* SUPPLIED DATA
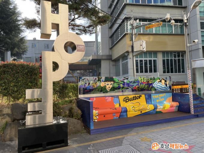 ±¤ÁÖ±¤¿ª½Ã´Â ÄÉÀÌÆË(K-POP) ½ºÅ¸ÀÇ °Å¸®¿¡ Á¦ÀÌÈ© È©¿ùµå(HOPE WORLD) º®È¿Í ·£µå¸¶Å©·Î À¯¸íÇÑ È©¿ùµå ÆÒ ¸Þ½ÃÁö Á¶Çü¹°À» ¼³Ä¡Çß´Ù. È©¿ùµå Á¶Çü¹°Àº Á¦ÀÌÈ©ÀÇ »ýÀÏÀÌ 2¿ù 18ÀÏÀÎ °Í¿¡ Âø¾ÈÇØ Àü ¼¼°è ÆÒµé·ÎºÎÅÍ 2¸¸1800°³ÀÇ ¸Þ½ÃÁö¸¦ ¹Þ¾Æ Áö³ 2020³â 11¿ù Á¶¼ºÇß´Ù.
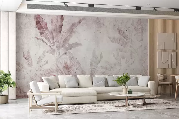 Murais de parede Folhas de bananeira num muro de betão Nr. u73886v2
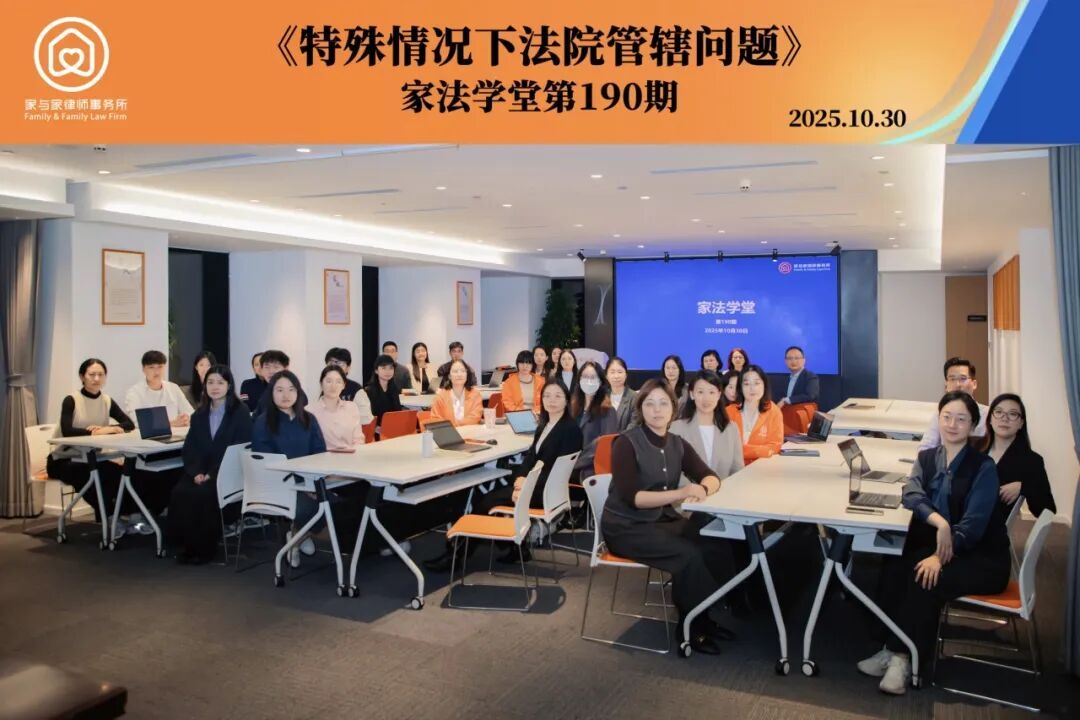10月30日,上海家与家律师事务所开展第190期家法学堂活动。本次活动以“特殊情况下法院管辖问题”为主题,由律师六部朱滔韬担任主讲人,在场律师围绕实务难点深入研讨,在交流碰撞中提升专业能力。
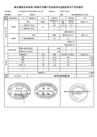 陵水县人民政府于2021年7月30日作出房屋征收决定(陵府〔2021〕67号)房屋征收决定,对陵水县五个片区棚户区改造项目征收范围内的国有土地上房屋进行征收。该项目依法选定的房地产价格评估机构为海南中正信房地产资产评估咨询有限公司。现对陵水县椰林镇棚户区改造项目南门岭片区北斗东二路四巷现场编号NC16-1做情况说明;该土地房屋存在争议,原产权人:龙关琼(已故);龙秋生(继承人)身份证:460034195202070456;龙关琼与龙秋生为父子关系。经龙秋生提供的相关材料:宅基用地批准书,椰林镇城东村委会证明文件;现场编号NC16-1原属于龙秋生的房屋(瓦房),被他人拆除重建(现场瓦房一间)此事当事人单方面陈述。经了解,该土地与房屋存在争议,龙秋生本人也承认该土地与房屋存在争议,却不配合提供与争议人的个人信息。现将下列土地与房屋所属情况、分户评估报告进行公告,公告期为30日,公告期满视为完成转交。请下列被征收人、被征收房屋所有权人或利害关系人持相关证明材料,到本项目现场办公室领取分户评估报告。被征收人、被征收房屋所有权人对征收价格评估结果有异议的,应当自公告期满10个工作日内,向本项目评估机构海南中正信房地产资产评估咨询有限公司申请复核评估;对评估机构复核结果仍有异议的,应当自收到复核结果之日起10个工作日内,向海南省房地产估价师协会房地产价格评估专家委员会申请鉴定。同时,请被征收人或被征收房屋所有权人、利害关系人持身份证明和其他相关证明材料,到本项目现场办公室协谈征收补偿的有关事宜。项目部地址:海南省陵水黎族自治县糖厂安置小区棚户区改造项目部4号办公室,联系电话:089883090008。

* WHAT THIS TASK INVOLVES
Each line of the listing is to be retyped exactly, and its pictures are to be dropped.

* YOUR SOLUTION
 ±¤ÁÖ±¤¿ª½Ã´Â ÄÉÀÌÆË(K-POP) ½ºÅ¸ÀÇ °Å¸®¿¡ Á¦ÀÌÈ© È©¿ùµå(HOPE WORLD) º®È¿Í ·£µå¸¶Å©·Î À¯¸íÇÑ È©¿ùµå ÆÒ ¸Þ½ÃÁö Á¶Çü¹°À» ¼³Ä¡Çß´Ù. È©¿ùµå Á¶Çü¹°Àº Á¦ÀÌÈ©ÀÇ »ýÀÏÀÌ 2¿ù 18ÀÏÀÎ °Í¿¡ Âø¾ÈÇØ Àü ¼¼°è ÆÒµé·ÎºÎÅÍ 2¸¸1800°³ÀÇ ¸Þ½ÃÁö¸¦ ¹Þ¾Æ Áö³ 2020³â 11¿ù Á¶¼ºÇß´Ù.
 Murais de parede Folhas de bananeira num muro de betão Nr. u73886v2
10月30日,上海家与家律师事务所开展第190期家法学堂活动。本次活动以“特殊情况下法院管辖问题”为主题,由律师六部朱滔韬担任主讲人,在场律师围绕实务难点深入研讨,在交流碰撞中提升专业能力。
 陵水县人民政府于2021年7月30日作出房屋征收决定(陵府〔2021〕67号)房屋征收决定,对陵水县五个片区棚户区改造项目征收范围内的国有土地上房屋进行征收。该项目依法选定的房地产价格评估机构为海南中正信房地产资产评估咨询有限公司。现对陵水县椰林镇棚户区改造项目南门岭片区北斗东二路四巷现场编号NC16-1做情况说明;该土地房屋存在争议,原产权人:龙关琼(已故);龙秋生(继承人)身份证:460034195202070456;龙关琼与龙秋生为父子关系。经龙秋生提供的相关材料:宅基用地批准书,椰林镇城东村委会证明文件;现场编号NC16-1原属于龙秋生的房屋(瓦房),被他人拆除重建(现场瓦房一间)此事当事人单方面陈述。经了解,该土地与房屋存在争议,龙秋生本人也承认该土地与房屋存在争议,却不配合提供与争议人的个人信息。现将下列土地与房屋所属情况、分户评估报告进行公告,公告期为30日,公告期满视为完成转交。请下列被征收人、被征收房屋所有权人或利害关系人持相关证明材料,到本项目现场办公室领取分户评估报告。被征收人、被征收房屋所有权人对征收价格评估结果有异议的,应当自公告期满10个工作日内,向本项目评估机构海南中正信房地产资产评估咨询有限公司申请复核评估;对评估机构复核结果仍有异议的,应当自收到复核结果之日起10个工作日内,向海南省房地产估价师协会房地产价格评估专家委员会申请鉴定。同时,请被征收人或被征收房屋所有权人、利害关系人持身份证明和其他相关证明材料,到本项目现场办公室协谈征收补偿的有关事宜。项目部地址:海南省陵水黎族自治县糖厂安置小区棚户区改造项目部4号办公室,联系电话:089883090008。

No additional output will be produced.